Five (plus one) components of effective positioning

  1. Competitive Alternatives - if you didn't exist, what would your customers use instead?
    1. Its what your prospects would use to do the task if your product didn't exist. It could be excel, or pen and paper. It could be nothing, (in which case maybe you product doesn't solve a real pain point.)
    2. You probably know a lot more about your market, and problem, and alternative solutions, than your prospects do. ("Doing nothing" could be an opportunity, not a red flag.)
    3. Its important to understand what customers will compare your product with, because this is how they will define "better". Is it "easier" than a pen and paper?
    4. Customers might never have purchased a solution like yours before.
  2. Unique Attributes - What do you have that alternative do not?
    1. Could be:
      1. Delivery Model (online vs offline, installed on-site vs not)
      2. Business model (rental vs purchase)
      3. Specific expertise (data scientist with financial and back-end web dev expertise)
  3. Value (and quantifiable objective proof) - What value do the attributes enable for customers?
    1. If unique attributes are your secret sauce, the value is why someone might care about your secret sauce
    2. Fact based, provable, demonstrable, quantifiable, objective.
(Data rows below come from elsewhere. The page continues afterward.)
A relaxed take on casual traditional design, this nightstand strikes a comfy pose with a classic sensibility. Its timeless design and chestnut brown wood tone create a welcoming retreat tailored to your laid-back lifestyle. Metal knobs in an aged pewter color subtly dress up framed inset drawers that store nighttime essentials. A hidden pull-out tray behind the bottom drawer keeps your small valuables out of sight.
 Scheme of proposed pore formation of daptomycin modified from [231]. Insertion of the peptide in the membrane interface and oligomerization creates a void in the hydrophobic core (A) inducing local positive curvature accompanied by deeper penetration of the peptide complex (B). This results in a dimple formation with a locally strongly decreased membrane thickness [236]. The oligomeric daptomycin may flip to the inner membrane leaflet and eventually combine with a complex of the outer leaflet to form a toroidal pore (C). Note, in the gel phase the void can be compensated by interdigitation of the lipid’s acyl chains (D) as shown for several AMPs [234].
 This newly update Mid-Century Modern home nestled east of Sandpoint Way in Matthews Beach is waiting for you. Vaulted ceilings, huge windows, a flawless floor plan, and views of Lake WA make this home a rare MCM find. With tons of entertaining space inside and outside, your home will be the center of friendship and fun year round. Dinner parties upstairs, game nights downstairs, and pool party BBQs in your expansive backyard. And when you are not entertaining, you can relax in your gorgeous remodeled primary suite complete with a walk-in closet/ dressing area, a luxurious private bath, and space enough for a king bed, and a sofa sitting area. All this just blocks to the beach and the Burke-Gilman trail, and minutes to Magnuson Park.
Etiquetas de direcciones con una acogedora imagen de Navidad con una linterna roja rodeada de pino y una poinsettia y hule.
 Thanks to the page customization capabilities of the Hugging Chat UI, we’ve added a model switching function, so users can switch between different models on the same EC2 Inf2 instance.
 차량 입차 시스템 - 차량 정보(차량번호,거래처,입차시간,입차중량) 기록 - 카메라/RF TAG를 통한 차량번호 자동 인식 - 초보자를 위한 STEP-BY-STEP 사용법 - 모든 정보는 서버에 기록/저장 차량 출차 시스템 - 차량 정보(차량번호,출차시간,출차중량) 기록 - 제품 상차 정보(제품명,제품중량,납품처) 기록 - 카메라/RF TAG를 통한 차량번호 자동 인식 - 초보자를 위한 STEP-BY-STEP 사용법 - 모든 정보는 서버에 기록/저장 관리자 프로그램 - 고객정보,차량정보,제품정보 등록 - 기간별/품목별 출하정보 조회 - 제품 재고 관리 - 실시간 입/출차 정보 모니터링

Third party opinions are relevant.
  4. Target market characteristics - Who cares a lot about that value?
    1. Focus on customers who are most likely to purchase quickly, wont ask for discounts, will tell their friends about you.
    2. You should clearly identify who these are and
    3. Identity what sets them apart from other groups of customers. Why are they uniquely likely to buy from you when others wouldnt or would take longer to consider and make a purchase
  5. Market Category - What context makes your value obvious to the ideal customer?
    1. Declaring that your product exists in a certain market triggers a powerful set of assumptions
    2. make these assumptions help you, not hinder you.
    3. When presented with your product, customers will try to use what they already know to figure out what your product is all about and why its special. You want them to be able to do this really quickly and easily.
    4. Make these assumptions work for you, not against you. You won't have to list every feature, because most of them will be assumed by the context of the market category.
    5. Get it right, and sales efforts (copy) wont be wasted battling those assumptions, but can instead build off of them to show secret sauce and value more obviously.
  6. (Bonus) Relevant Trends - what trends make your product relevant right now?
    1. Used carefully, trends can show prospoects why they should pay attention to your product right now. Increases urgency.
    2. It can increase urgency, excitement, coolness, credibility
    3. but the trend must be directly relevant, practically and objectively applicable.
    4. Blockchains, AI, ML are trends - they are relevant to multiple markets.